Shope enlightened me on hysteria, the disease that Augustine was diagnosed with. Even though hysteria is no longer a diagnosable condition, many of the common symptoms are still around today. Shope informed me that Conversion Disorder is one of the mental health disorders that include some of the common symptoms of hysteria including paralysis and unexplainable fits. Many of the emotional sides of what was once called hysteria can be found in such conditions as PTSD and Borderline Personality Disorder. Because hysteria was such an obscure diagnosis, Shope wanted to avoid placing any specific symptoms onto Augustine outside of what has been recorded from historical sources. “I wanted to give the reader the experience of this kind of jolting emotional spectrum with the disease which goes from over intense agency to disassociation to objectification,” she explained. 

Shope’s own experience with anxiety and panic disorders allowed her to enter into the mind of Augustine, helping the reader to empathize with Augustine and enter into her experiences. “If you’re having something going on in your body that you don’t understand, even if it’s anxiety, whatever’s causing it, you don’t know what it is.

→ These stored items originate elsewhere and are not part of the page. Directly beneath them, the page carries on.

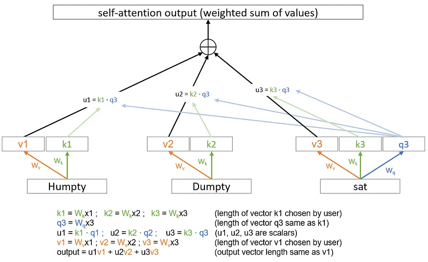 对于那些不是第一次阅读自注意力机制的人来说,可能会注意到我们没有引用任何K和Q矩阵,或应用掩码等。这是因为这些细节是实现方式的一部分,源于这些模型的常见训练方式。一批数据被输入,模型同时训练以从“humpty”预测“dumpty”,从“humpty dumpty”预测“sat”,等等。这是为了提高效率,并不影响解释或模型输出,我们选择在这里省略这些训练效率的技巧。
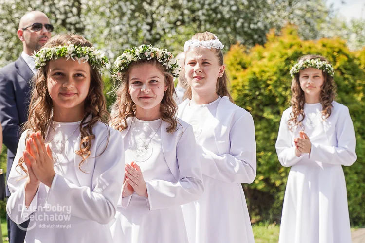 W niedzielę (8 maja) do Pierwszej Komunii Świętej przystąpiła również grupa dzieci ze Szkoły Podstawowej nr 3 w Bełchatowie. Uroczystość odbyła się w ogrodach parafialnych przy ulicy Kościuszki.
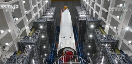 总台央视记者 吴天白:在我身后的就是本次负责发射梦天实验舱的长征五号B运载火箭。长征五号B运载火箭是我国新一代大型运载火箭中的一员,主要是为了满足我国空间站建设等大型低轨有效载荷的发射需求而研制。火箭研制攻关历时10余年,克服了四大关键技术,为中国空间站建造奠定了基础。
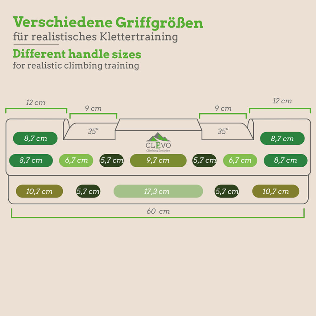✅ EXTRA LONG : With a length of 60cm, a width of 14.6cm and a depth of 5.2cm, the hangboard offers three rows of handles at different depths and is therefore significantly larger than conventional boulder training boards.
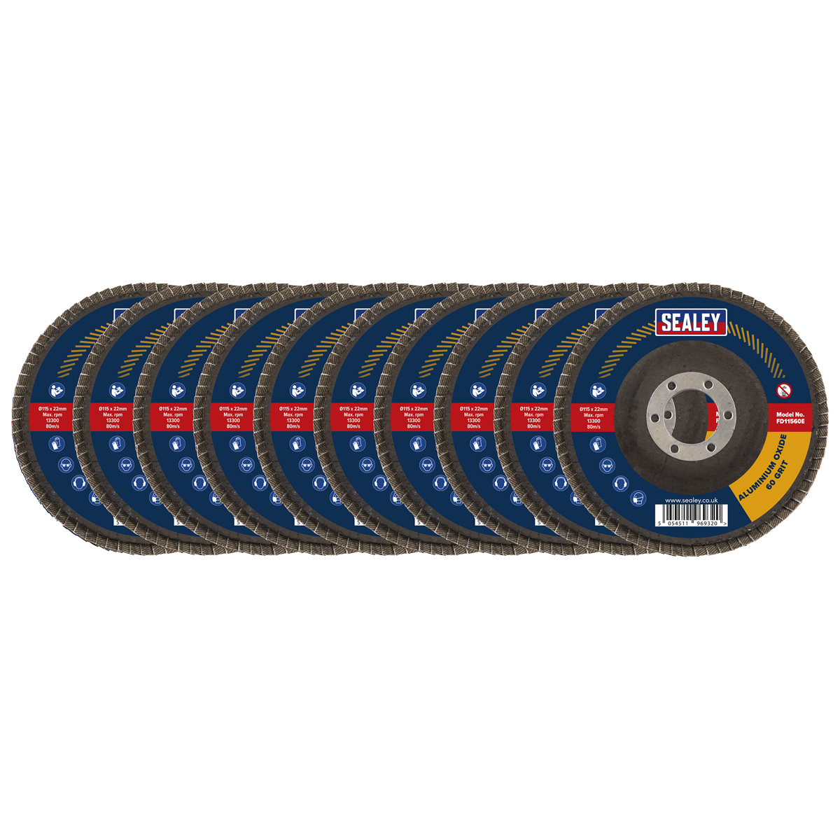 Sealey 60Grit Flap Discs Aluminium Oxide Ø115mm Ø22mm Bore - Pack of 10

The most terrifying experience is being alone in your body, and if you’re surrounded by doctors, it’s people who might really be able to help you if you’re dying, which is what you think at the time.” 

Asylum is an enjoyable, intellectual read that immerses the reader into the chaotic experience of a hysteric in an asylum. Shope does an incredible job of taking the historical records and objectively examining the worldview. She takes the accounts of Augustine and grants an objectified woman dignity, showcasing her individuality and independence and giving voice to a historically silenced woman.